The Canberra Times

By Judith Ireland

When Air Force One touches down at Fairbairn next Wednesday afternoon, the Secret Service agents do their tricky secret stuff and the President of the United States emerges, chill pills will be in short supply.After two cancelled visits, Australia has been on tenterhooks for more than a year waiting for Barack Obama. When will he come? Will he bring Michelle and the kids? Will he stay for a month to make up for ditching us before?

The jury's still out over whether Obama will prove a more popular VIP than the Queen. But when the President arrives in Canberra, he will find the Australia-US alliance is in rude health - at least from Australia's side of the equation.

Earlier this year, the Lowy Institute poll found 82 per cent of those surveyed supported the US alliance. This week, Lowy's Dr Michael Fullilove predicted that Obama would receive a welcome on a par with reality starlet Kim Kardashian's screaming fan-fuelled visit (so Your Majesty, watch out).

In government-to-government terms, the alliance is also at a high point.

Foreign affairs commentators say the ''rise of China'' (that old chestnut) has cemented the importance of our security relationship, while increasing institutional links since September 11 - fighting wars together, intelligence sharing, exchanges between civilian and military officials and agreements such as the Defence Trade Cooperation Treaty - have whipped the alliance into tip-top shape. According to Lowy's Director of Studies Andrew Shearer, over the past decade, Australia has gone from being a ''second tier'' ally to one at the ''forefront'' of US thinking.

US Ambassador Jeffrey Bleich - who has talked of the ''real affinity'' between his boss and Kevin Rudd - says Julia Gillard's relationship with Obama is in good nick, and trending up. He says they clicked from their first meeting, when a quick courtesy call turned into a 20-minute phone conversation.
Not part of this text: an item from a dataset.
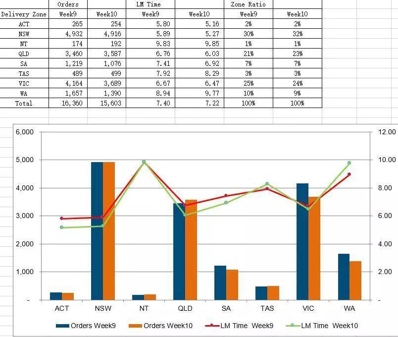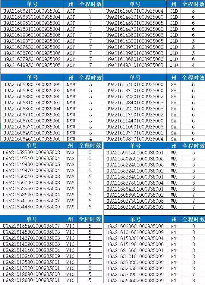 3月,有几个大卖来找我寻求帮助,需要中澳的专线类时效能达到5-7个工作日完成妥投的物流渠道,当时二话不说就推荐了ewe,不为别的,两个字靠谱,澳洲幅员辽阔,能做到5-7个工作日妥投达90%以上的毕竟凤毛麟角,废话不多说直接上卖家使用后的时效表: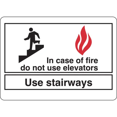 Brady 122341 10 in H x 14 in W Black, Red on White Aluminum Sign "In Case Of Fire Do Not Use Elevators Use Stairways"

''It's [a] very respectful, very warm relationship,'' he says. ''They really like each other. They have a similar sense of humour.''

Earlier this year, when Gillard and Obama visited a school together in Washington DC, the ambassador says that the two leaders bantered easily with each other - much of which the cameras were not there to see.

And yet despite the fact that the Prime Minister recently described the US as our ''closest ally and partner'' without batting an eyelid, Obama's two-day, one night trip, squeezed in between the APEC meeting in Hawaii and the East Asia Summit in Bali, does not provide a lot of face time with the man who cried ''Yes, we can''.
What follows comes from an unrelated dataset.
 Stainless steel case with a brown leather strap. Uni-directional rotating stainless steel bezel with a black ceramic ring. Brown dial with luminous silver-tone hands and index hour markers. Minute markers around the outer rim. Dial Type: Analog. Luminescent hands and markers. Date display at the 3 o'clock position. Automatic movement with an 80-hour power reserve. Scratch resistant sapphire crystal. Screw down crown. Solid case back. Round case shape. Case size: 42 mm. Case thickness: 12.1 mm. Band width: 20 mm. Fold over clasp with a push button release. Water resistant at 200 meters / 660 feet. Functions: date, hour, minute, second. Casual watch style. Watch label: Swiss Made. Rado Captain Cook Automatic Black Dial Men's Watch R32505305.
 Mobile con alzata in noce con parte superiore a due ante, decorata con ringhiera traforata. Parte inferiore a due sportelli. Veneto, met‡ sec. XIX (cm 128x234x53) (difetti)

In a trip described as ''whistlestop'' by some sections of the international media, Obama will meet privately with Julia Gillard and ''briefly'' with Tony Abbott, before addressing Parliament in Canberra and Australian troops in Darwin. Then it's on to Bali. Macquarie University US politics and international relations lecturer Dr Lloyd Cox says we shouldn't be too offended by the shortness of the trip. ''This is par for the course,'' he says. ''The US President just has such an excruciatingly heavy schedule of engagements,'' Cox says.

Speaking from his office at the US Embassy, Bleich says the trip is a celebration of the relationship, as we clock 60 years since signing the ANZUS Treaty.
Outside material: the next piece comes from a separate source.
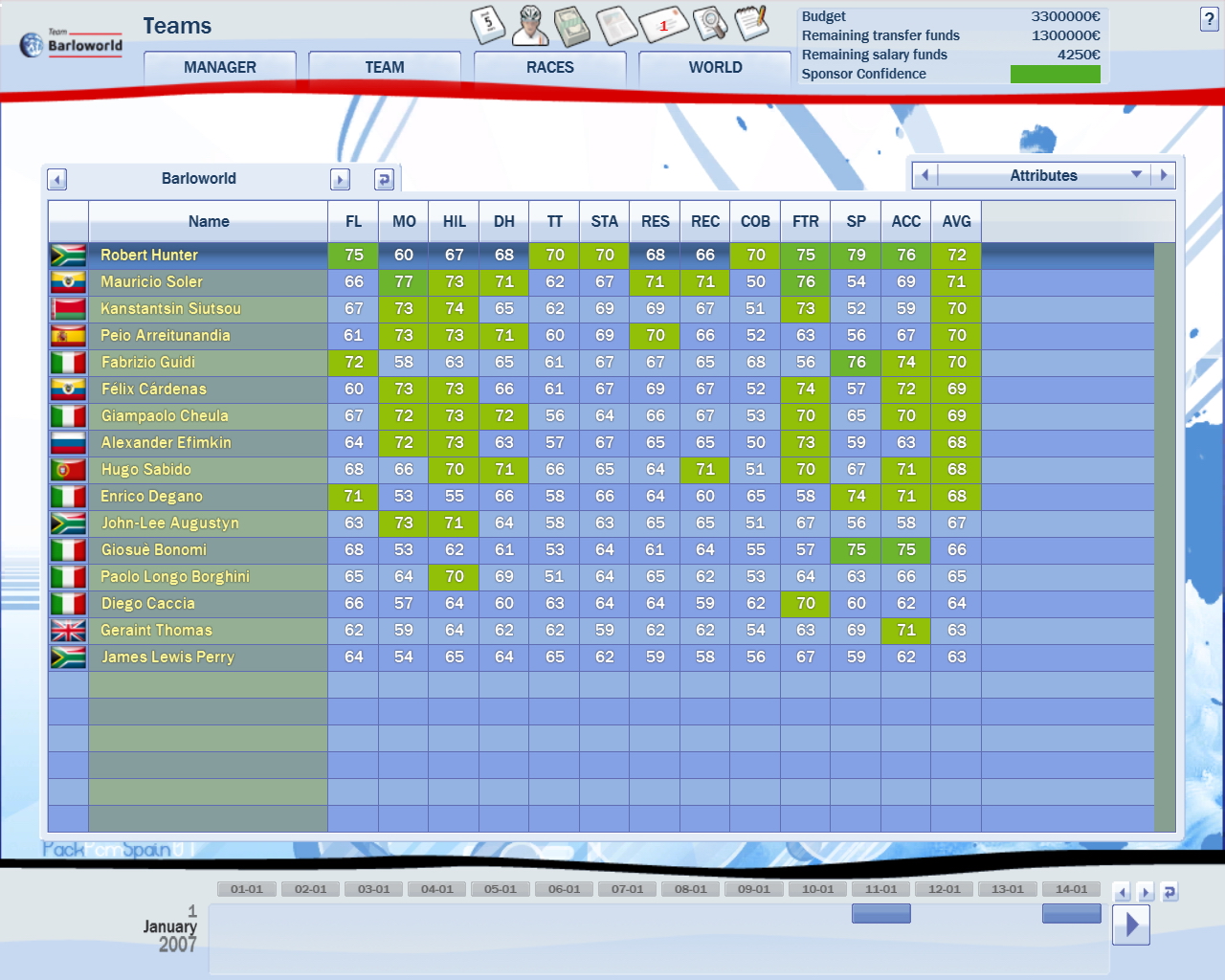 thank you Dankan, great stats obviously apart from Geraint's cobble stat, i don't see how a rider who won the junior P-R 3 years ago only deserves a 54COB stat

''I'd like to see us being able to appreciate what we've accomplished together,'' he said, noting how peaceful and prosperous the Asia Pacific has become since 1945.

But it's not just about mutual back patting.

''I think the second thing will be to talk about where to go next and not just rest on our laurels,'' Bleich says.

There is certainly no shortage of issues to discuss. The Prime Minister's Office says they do not reveal the agenda for bilateral discussions, but, when announcing the visit, Gillard mentioned the global economy and ''transition'' in Afghanistan (made all the more pressing with recent attacks by Afghan soldiers on Australian and US troops) as key issues.

With the situation in Iran reaching increasingly worrying levels it is also likely to be a topic of conversation.

As a former foreign affairs adviser to Howard, Shearer has sat in on similar meetings, and says the leaders will probably compare notes on the recent G20 and APEC meetings as well as the upcoming East Asia Summit. Shearer adds that in his experience, the President and Prime Minister would never meet without talking about Indonesia either.

However, given the recent opportunities for the leaders to talk privately at big international meetings, former diplomat and foreign affairs author Bruce Grant thinks that what Obama says publicly will be more important than what goes on behind closed doors.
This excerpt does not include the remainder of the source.